An Analysis of Heart Berries by Terese Marie Mailhot

Selena J
9 min readNov 15, 2020

Who is Terese Marie Mailhot?

Terese Marie Mailhot is a First Nations Canadian woman from the Seabird Island Band. The First Nations are the Indigenous Peoples of Canada which applies to status and non-status Indigenous Peoples, also referred to as bands or nations; yet it does not include Inuit or Métis. The Seabird Island is a band government of the Sto:lo people, located in the Upper Fraser Valley region in what is now known as British Columbia, Canada. In addition, a band is usually, but not always, a single community in which land and money have been set aside in trust by the Crown and is a basic unit of government for those subjected to the Indian Act. Seabird Island has been an independent band since 1958.

Source: https://teresemailhot.com, Accessed November 2020.

In Heart Berries, Mailhot makes many references to Salish art, and I would like to suggest from the text that the Salish culture is close to her traditional upbringing from her mothers side, however this opinion is my own and not confirmed on her website or elsewhere (to my current knowledge). The Seabird Island Band upholds many of the Salish people of the Pacific Northwest traditions in their culture and education and from that, I want to further suggest that is how someone in her immediate family passed down its teaching onto her. Mailhot grew up on the Seabird Island reservation, which is geographically located near the coast line of British Columbia in a desert area with a view of the mountains. In her memoir, she mentions that when she was eleven, an elder told her that her Indian name Asiniy Wache Iskwewis means Little Mountain Woman (Heart Berries 101). Although she felt undeserving of the name at the time, she drew power from the mountains and sometimes from the desert, yet on page 71 while pregnant with Thunder Baby, her aunt suggests that her presence in the desert away from her land is what was making her sick and tells her to go to a river. I would then suggest that because of her name, she feels a connection to the mountains and desert, and because of where she grew up, she feels a connection to the water as well.

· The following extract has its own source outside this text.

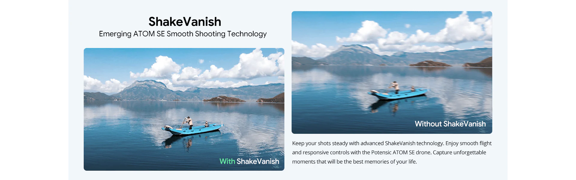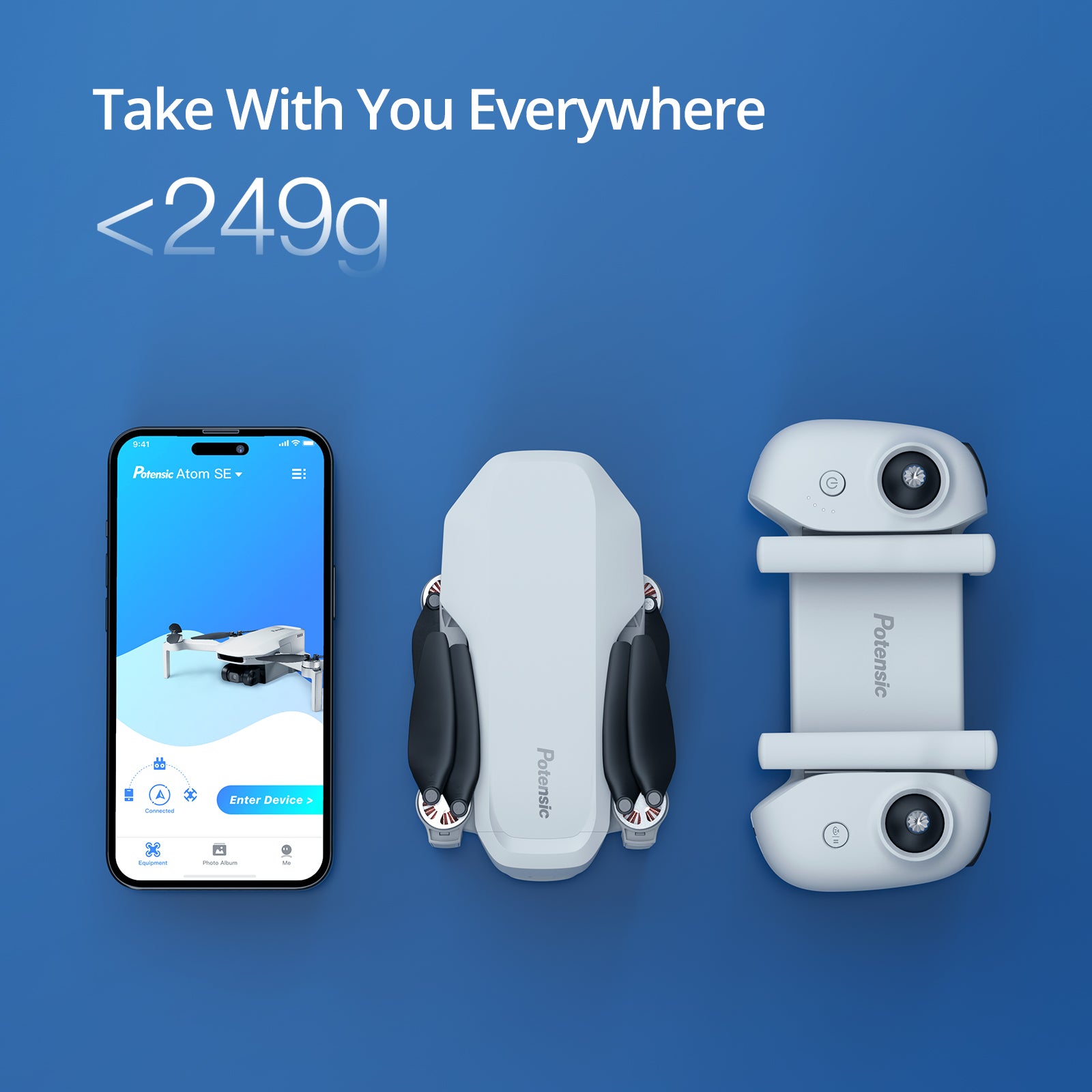 The ATOM SE drone weighs under 249g (0.55 lbs), making it as lightweight as a smartphone and portable enough to fit in your pocket. With a wind resistance of up to scale 5 and a maximum takeoff altitude of 4KM, the ATOM SE delivers stable footage even in windy conditions.

In Heart Berries, Mailhot crafts a narrative that approaches trauma and healing through a reimagined memoir — which I will expand on later — and enacts many literary techniques to decolonize the genre in a way that invites Indigenous readers and writers to see themselves within the formula. Mailhot touches on important themes throughout her memoir that all come together to assemble her life thus far, such as motherhood, mental illness, childhood upbringing, hospitalization, internalized shame in multiracial love and healing from intergenerational trauma. Unfortunately, I will not be able to analyze all of these important themes in this post however for the sake of my analysis, I want to acknowledge the effects of all memories in creating the memoir as a whole, even if this analysis is not heavily dependant on all aspects. I intend to do a deeper reading into the rhetoric of the memoir and do a deeper analysis on internalized shame in multiracial relationships based on her essays “Indian Sick” and “Little Mountain Woman.”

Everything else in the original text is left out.